22§ 3a Abs. 3 VOB/A definiert, unter welchen Voraussetzungen die Freihändige Vergabe zulässig ist. Die Vorschrift ist auch im Zusammenhang mit dem Zusatz „in einem vereinfachten Verfahren“ wenig geeignet, dieses besonders flexible Instrument der Freihändigen Vergabe und die damit einhergehende maximale Einschränkung des Wettbewerbes einzuhegen. Zum einen ermöglichen die Zulässigkeitsvoraussetzungen, die überwiegend anhand unbestimmter (Rechts-)Begriffe beschrieben werden, dem öffentlichen Auftraggeber einen weiten Handlungsspielraum. Zum anderen sind die Zulässigkeitsvoraussetzungen nicht abschließend formuliert („besonders“).

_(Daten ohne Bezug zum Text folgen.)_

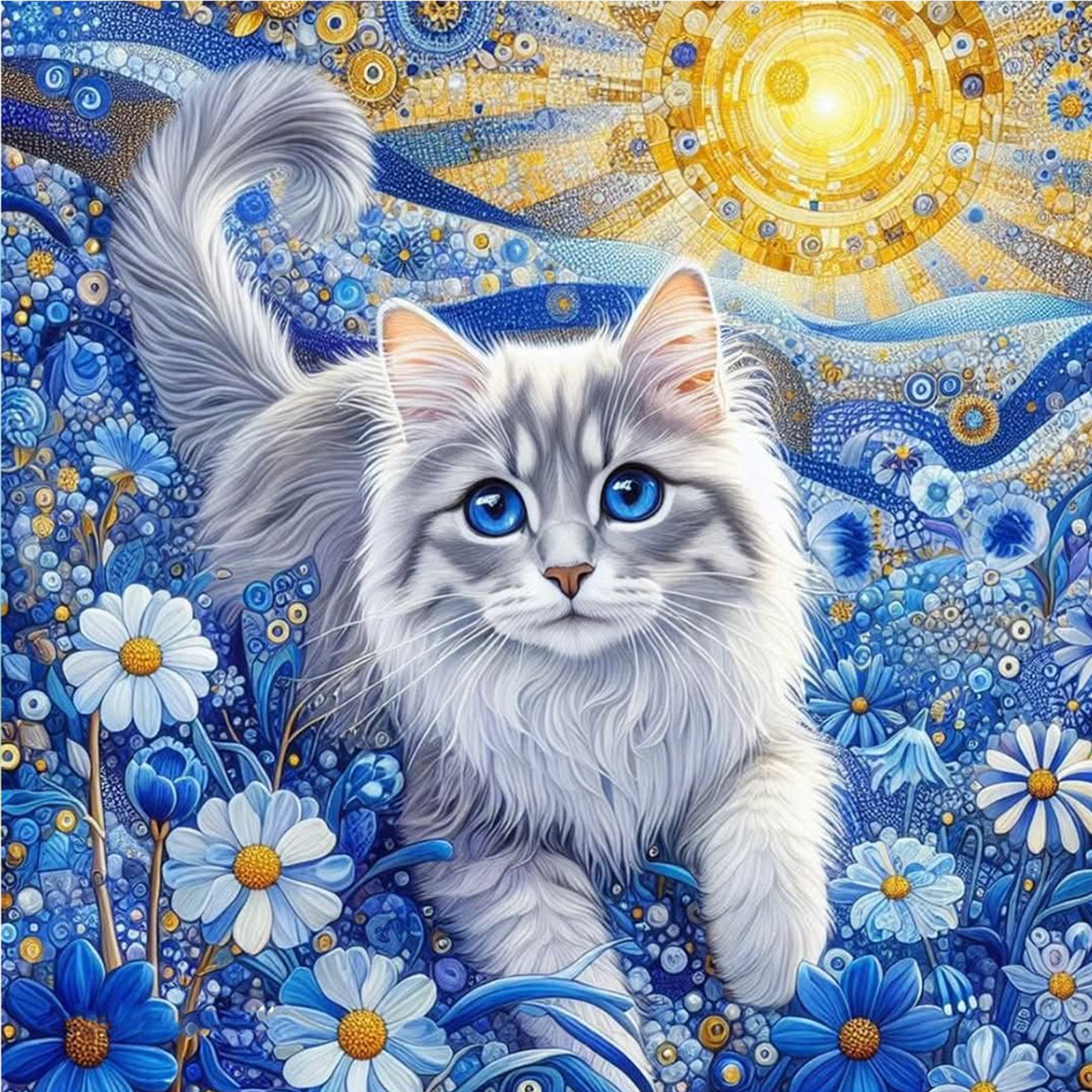 Cat And Flowers - Full Round Drill Diamond Painting 30*30CM
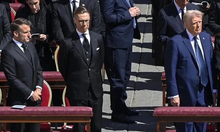 Trump, acompañado por la primera dama, Melania, se situó en el comienzo de uno de los bancos de la primera fila y en el banco inmediato, separado por un pasillo, estaba el presidente de Finlandia, Alexander Stubb, y a su lado, Macron.
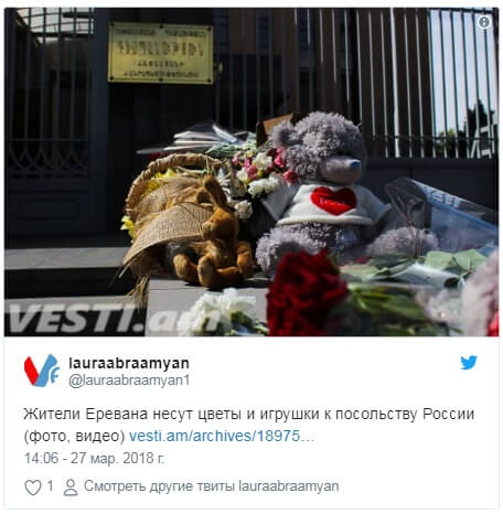 В разных городах России и в других странах люди продолжают приносить цветы и игрушки к российскому посольству.
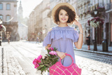 Outdoor summer portrait of young beautiful happy smiling lady wearing trendy striped dress, straw hat, holding wicker bag with peonies, woman posing in street of old European city. Copy, empty space
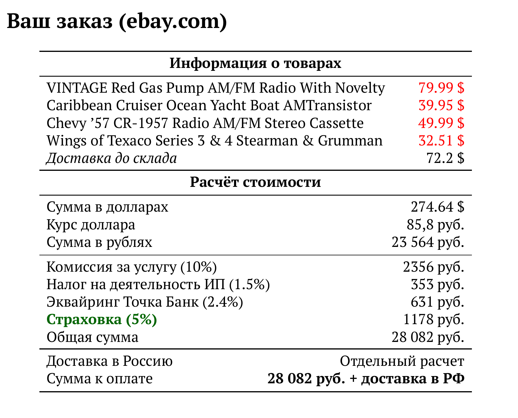 Расчет для ebay.com — 28 082 руб.
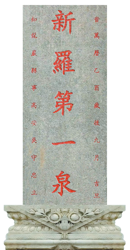 亦即“时万历乙酉岁后九月吉旦/新罗第一泉/知龙岩县事高安吴守忠立”。
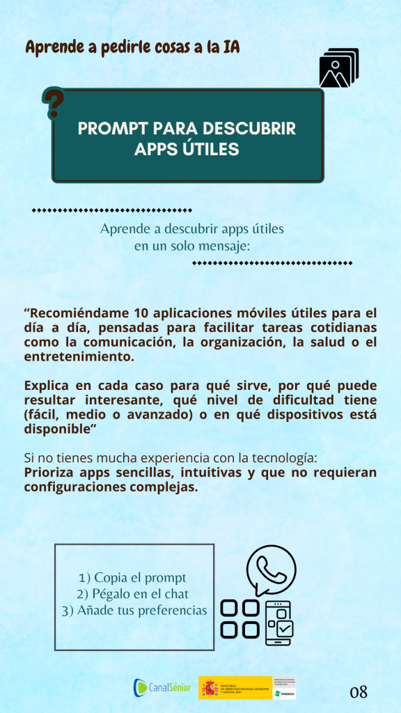 Ahí entran los prompts, que son las frases o instrucciones que escribimos para pedirle algo a la IA; cuanto más claros y completos sean, mejores serán las respuestas. En Canal Sénior queremos ayudarte a manejarte con esta nueva forma de “preguntar” para que puedas aprovechar la tecnología con confianza; por eso hemos creado esta sección de prompts útiles, listos para copiar y pegar, y que iremos actualizando cada dos semanas con nuevas ideas prácticas.
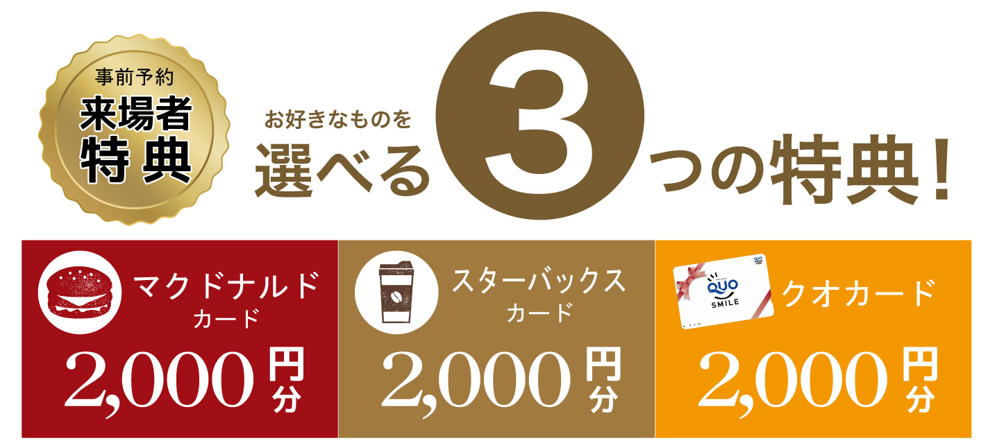 当社HPより初めてイベント予約・見学された御家族様へ3つの中から選べるカード2,000円分プレゼント

23Bei der Anwendung wird der Auftraggeber stets zu berücksichtigen haben, dass die Freihändige Vergabe in dem Maße Abweichungen von den Vorgaben der Vergabe- und Vertragsordnung zulässt, in dem diese durch den jeweiligen Grund für die Wahl dieses Verfahrens gerechtfertigt sind. Dies folgt unmittelbar aus den Vergabegrundsätzen des § 2 VOB/A, deren Ausgestaltung die übrigen Regelungen der Vergabe- und Vertragsordnung für Bauleistungen dienen, und die nach allgemeiner Meinung auch im Rahmen der Freihändigen Vergabe zu beachten sind.15 Beispielsweise kann eine diskriminierungsfreie und transparente Freihändige Vergabe nur gelingen, wenn der öffentliche Auftraggeber die Bauleistung gemäß § 7 Abs. 1 VOB/A eindeutig und so erschöpfend beschreibt, dass alle Unternehmen die Beschreibung im gleichen Sinn verstehen müssen. Wählt der öffentliche Auftraggeber die Freihändige Vergabe, weil eine dieser Regelung entsprechende Leistungsbeschreibung nicht möglich und daher in einer Öffentlichen oder Beschränkten Ausschreibung keine hinreichend vergleichbaren Angebote erwartet werden können (§ 3a Abs. 3 Satz 1 Nr. 3 VOB/A), kann er von § 7 Abs. 1 VOB/A abweichen, soweit dies erforderlich ist, das heißt, soweit die Unmöglichkeit der Leistungsbeschreibung reicht. Wird die Freihändige Vergabe dagegen gewählt, weil aus besonderen Gründen nur ein Unternehmen in Betracht kommt (§ 3a Abs. 3 Satz 1 Nr. 1 VOB/A), rechtfertigt dies – schon im Hinblick auf den mit diesem Unternehmen zu schließenden Vertrag – keinesfalls das Abweichen von der Regelung des § 7 Abs. 1 VOB/A.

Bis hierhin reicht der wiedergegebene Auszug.